Studies reported by Riviere originated in the early 1950s with subcommittees of the US National Committee on Vital and Health Statistics. In the 1950s, the USA had no standardised procedures or classification for professional measurement of sight or visual deficits. In 1957, Riviere and colleagues began developing "a classification for impairment of visual function differentiated from defects of vision" (p. 1). This arose because several hundred rehabilitation agency personnel having only diagnostic or employment details about the "rehabilitant", complained that they were "unable to evaluate his unimpaired assets, his education and past experience, and his potential for a future independent life. The attitudes of his family, friends, and community acquaintances were known to be critical factors in building or tearing down his morale and motivation." (p.1) Staff also complained about professional jargons causing confusion between workers from different disciplines, and problems of measuring progress in rehabilitating the rehabilitant, as they aimed to "help establish him in a satisfying independent daily life". (At this date, 'Him' was supposed to be understood to include 'Her', a convention later overturned by feminist action).

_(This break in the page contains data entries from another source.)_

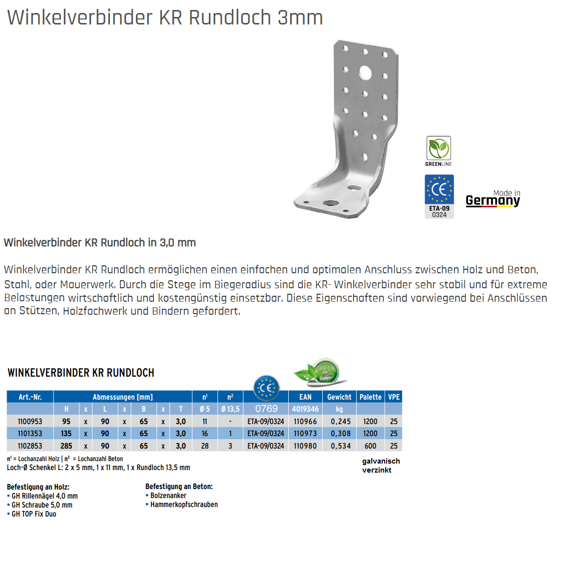 GH-Winkelverbinder Rundloch, Typ KR Stahl verzinkt 285x90x65
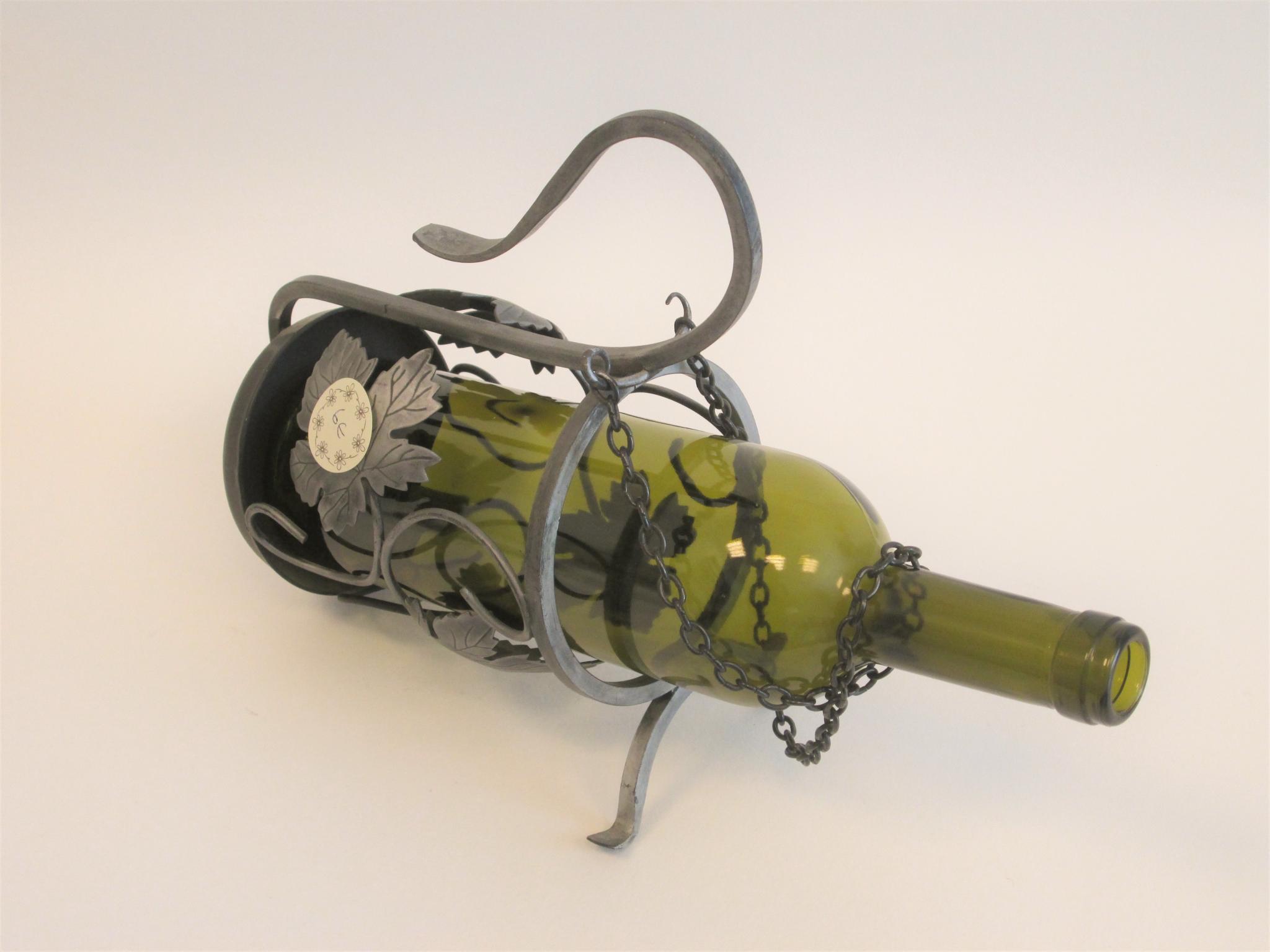 Metallist pudelihoidik. 16x10.5 cm, kõrgus 23 cm. Seisukord: kasutatud, heas korras.
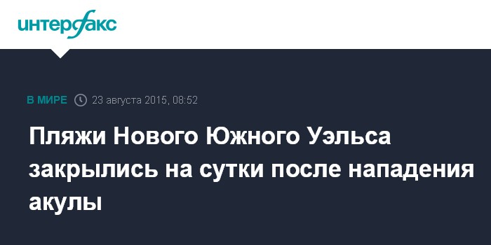 Москва. 23 августа. INTERFAX.RU - Пляжи в австралийском штате Новый Южный Уэльс закрылись на 24 часа после нападения акулы у побережья города Порт-Маккуори, пишет The Guardian.
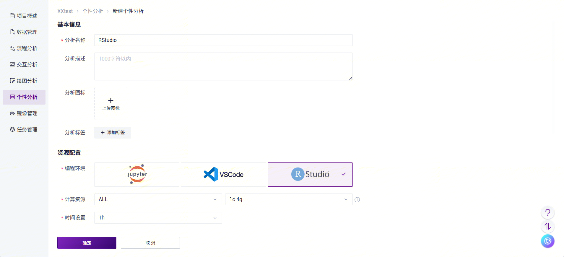 个性分析新增RStudio入口,新建个性分析时,选择【RStudio】编程环境
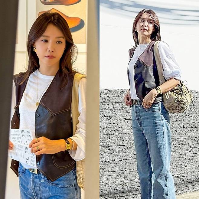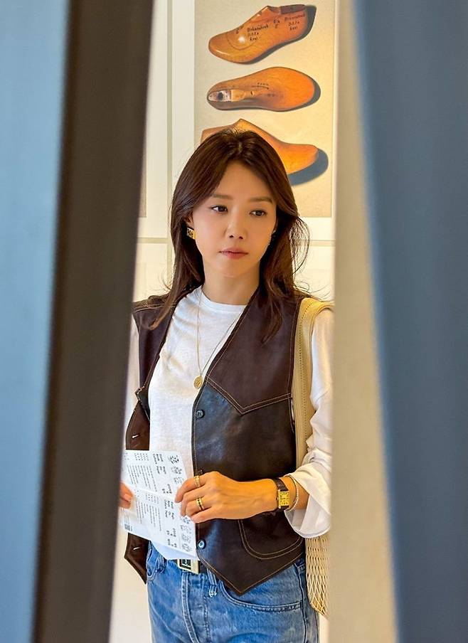 배우 채정안이 툭 걸친 가죽 조끼로 심플하면서도 스타일리시한 가을 나들이룩을 완성했다.
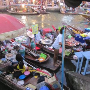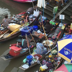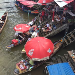 他の水上マーケットが早朝集合だったことと、旅行の日程がちょうど週末だったこと、また子供連れだったことからこちらを選びました。往復共に驚くほどの渋滞には巻き込まれず、わりとすんなり到着。現地は夕方前から結構な人だかりなので小さな子供連れは迷子に注意です。

Early in 1958 one subcommittee made an adverse review of the 1955 Surgeon General's Impairment Code draft listing "injury and disease entities" etc, which "reflected current practices of identifying 'the problem' and labeling the person who might have it" (p.3), tending to "produce a stereotype of 'the blind' as a group of identical people... This negation of human variability and individuality could form no basis for a rehabilitation program" (p.4). The subcommittee that had drafted the 1955 code then let it go to oblivion. That work was taken over by Riviere's Rehabilitation Codes Advisory Committee.
However, "By that date... [i.e. early 1958] the Rehabilitation Codes Advisory Committee had already established terms of reference for their work, defining "rehabilitation," "impairment," "disability," and "handicap."" (p.8) The 1955 draft code cited above was "just the kind of labeling which the project intended to jettison, in desiring to re-orient professional attitudes and services towards individualized evaluation of the person as a human being, rather than the possessor of some detrimental condition."
'Impairment-Disability-Handicap' has had a long life of 40 years, and is still being adopted by people meeting it for the first time in 1998. Criticism has grown over the past 20 years, and some efforts have been made to introduce the diad 'Impairment-Disability'. New efforts are now under way to launch 'Impairments-Activities-Participation', in an attempt perhaps to 'accentuate the positive'. However, it has been pointed out that "impairment is still the building stone" and the new terms are "intended to be used in a primarily medical context." (A. Vreede, 1998, 'Some thoughts on definitions and a methodology of research regarding disability.' Working document for the Expert Meeting Local concepts and beliefs regarding disability in different cultures, May 1998, Bonn.)